We have letters P,E,R,M,U,(T,T),A,I,O,N,S.
Now between P and S there are four letters. We have following three cases.
Case I : Two of the four letters between P and S are TT.
In this case remaining two letters can be selected in `.^(8)C_(2)` ways. Suppose these letters are E and R.
So, we have to arrange (P, E, R, T, T,S), M,U,A,I,O,N.
`therefore` Number of arrangements in this case is
`.^(8)C_(2)xx7!xx2!xx(4!)/(2!)=3386880`
Case II : Four letters between P and S are distinct of which one letter is T.
In this case remaining three letters can be selected in `.^(8)C_(3)` ways. Suppose these letters are E, R, M.
So, we have to arrange (P,E, R, M, T, S), U, T, A, I, O, N.
`therefore` Number of arrangements in this case is
`.^(8)C_(3)xx7!xx2!xx4!=13547520`
Case III : Four letters between P and S are distinct other than T. In this case remaining four letters can be selected in `.^(8)C_(4)` ways.

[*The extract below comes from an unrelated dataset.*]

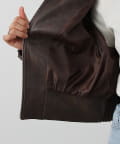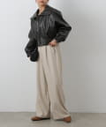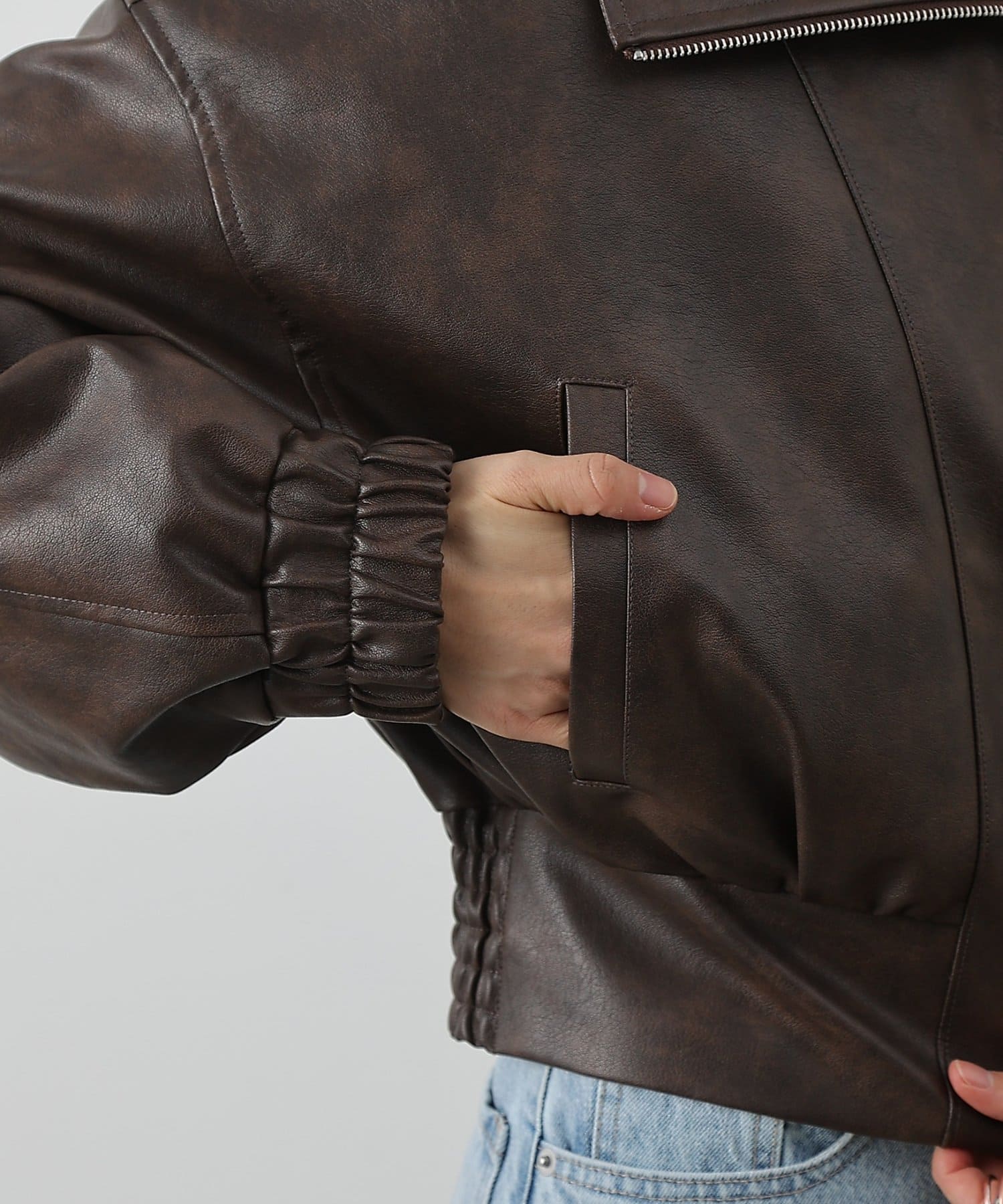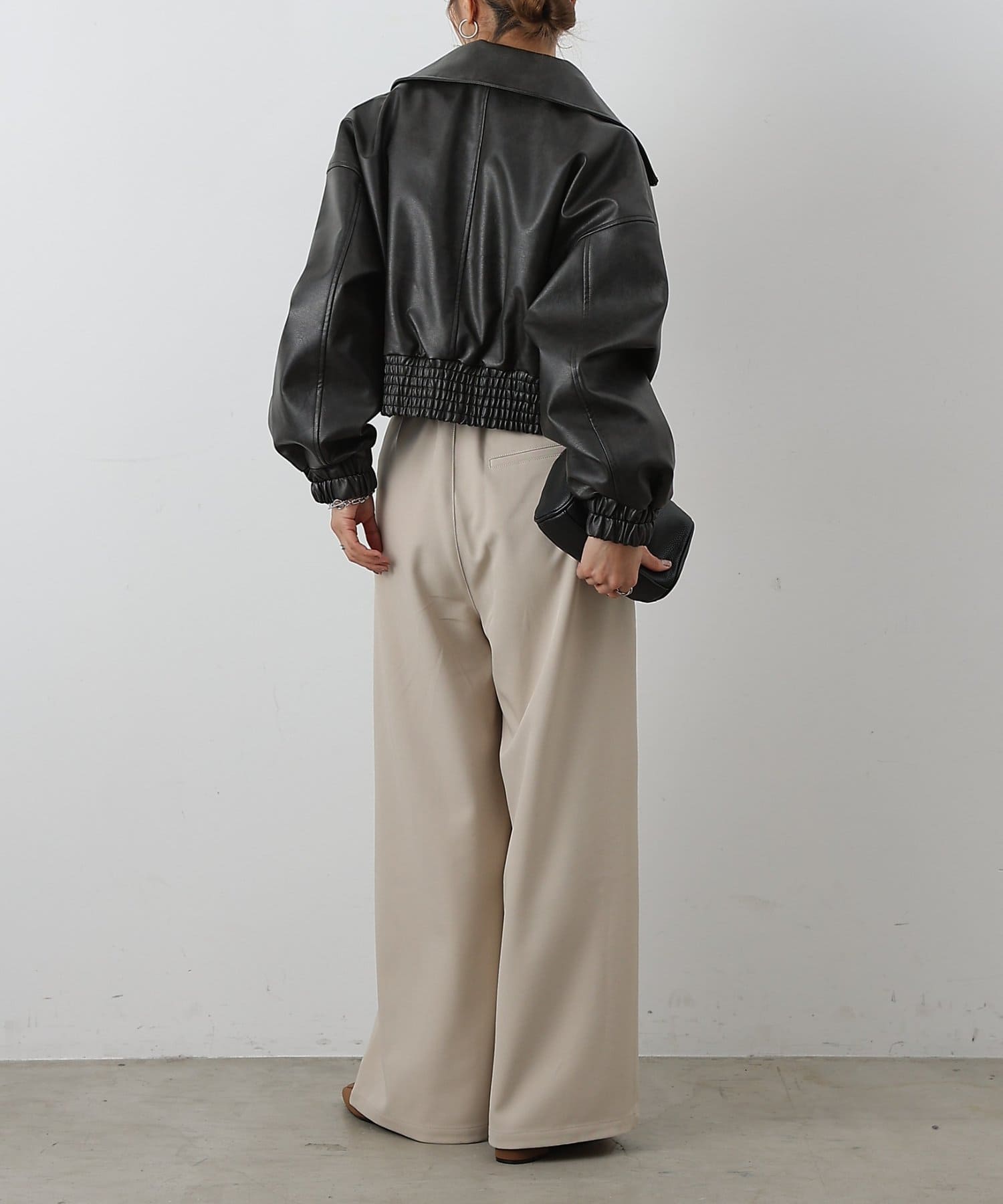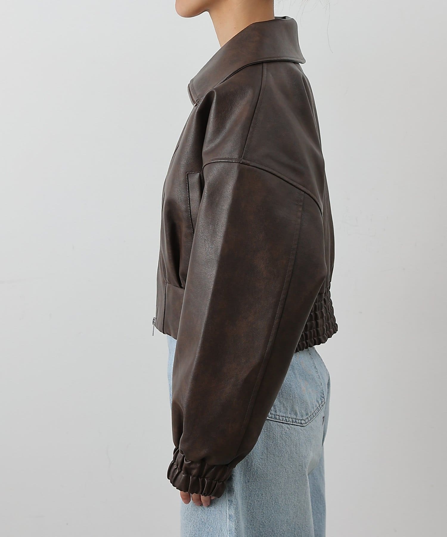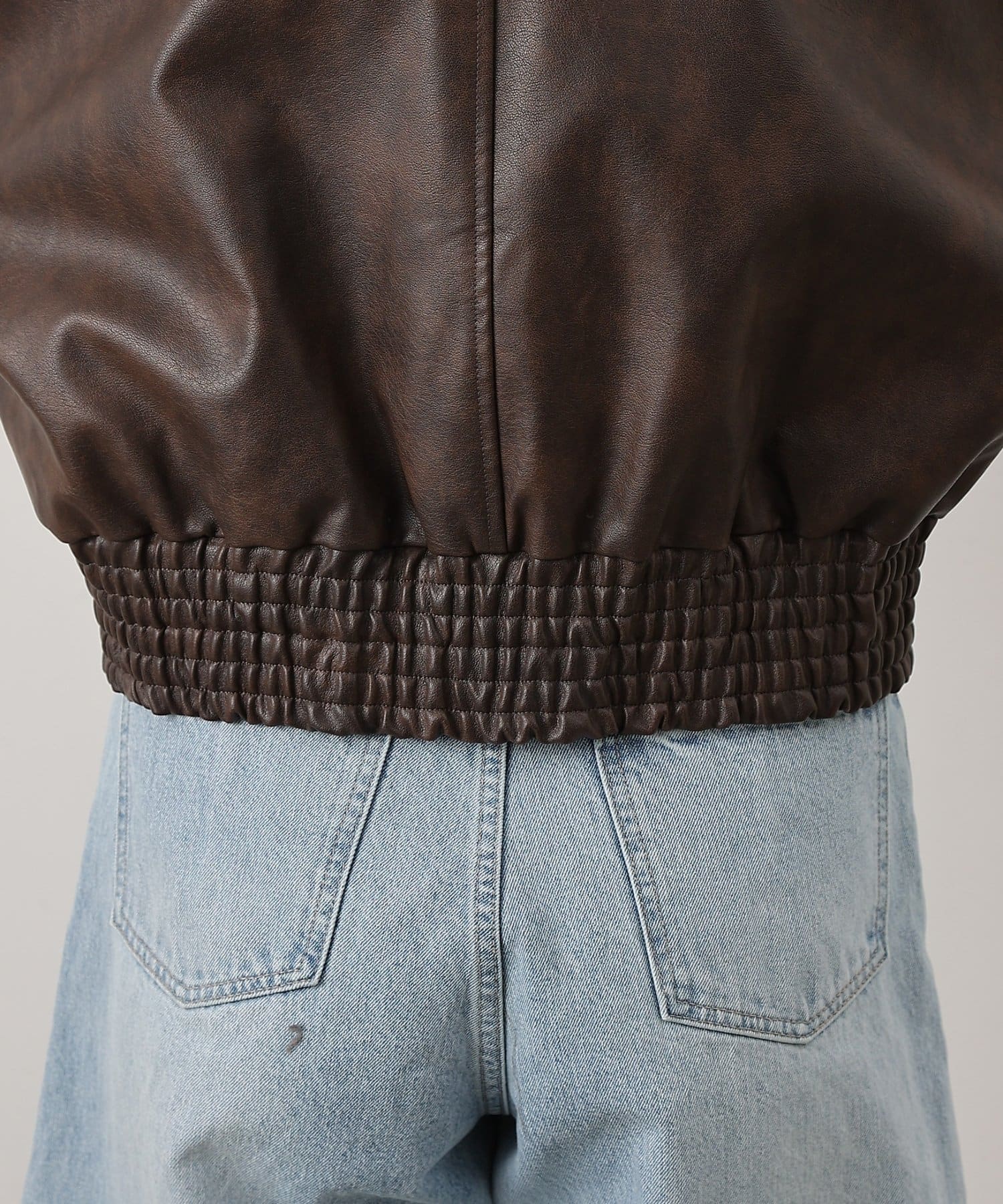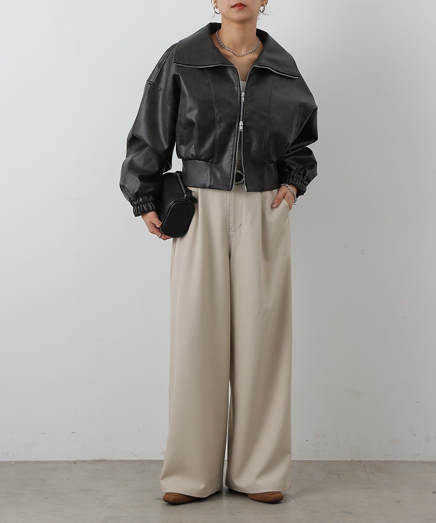 ・軽やかなフェイクレザーでさっと羽織るだけでも様になる一着

Suppose these letters are E, R, M, U
So, we have to arrange (P, E, R, M, U, S),t, A, T, I, O, N
`therefore` Number of arrnagements in this case is
`.^(8)C_(4)xx(7!)/(2!)xx2!xx4!=8467200`
Hence, from all above cases, total number of ways are
3386880+13547520+8467200=25401600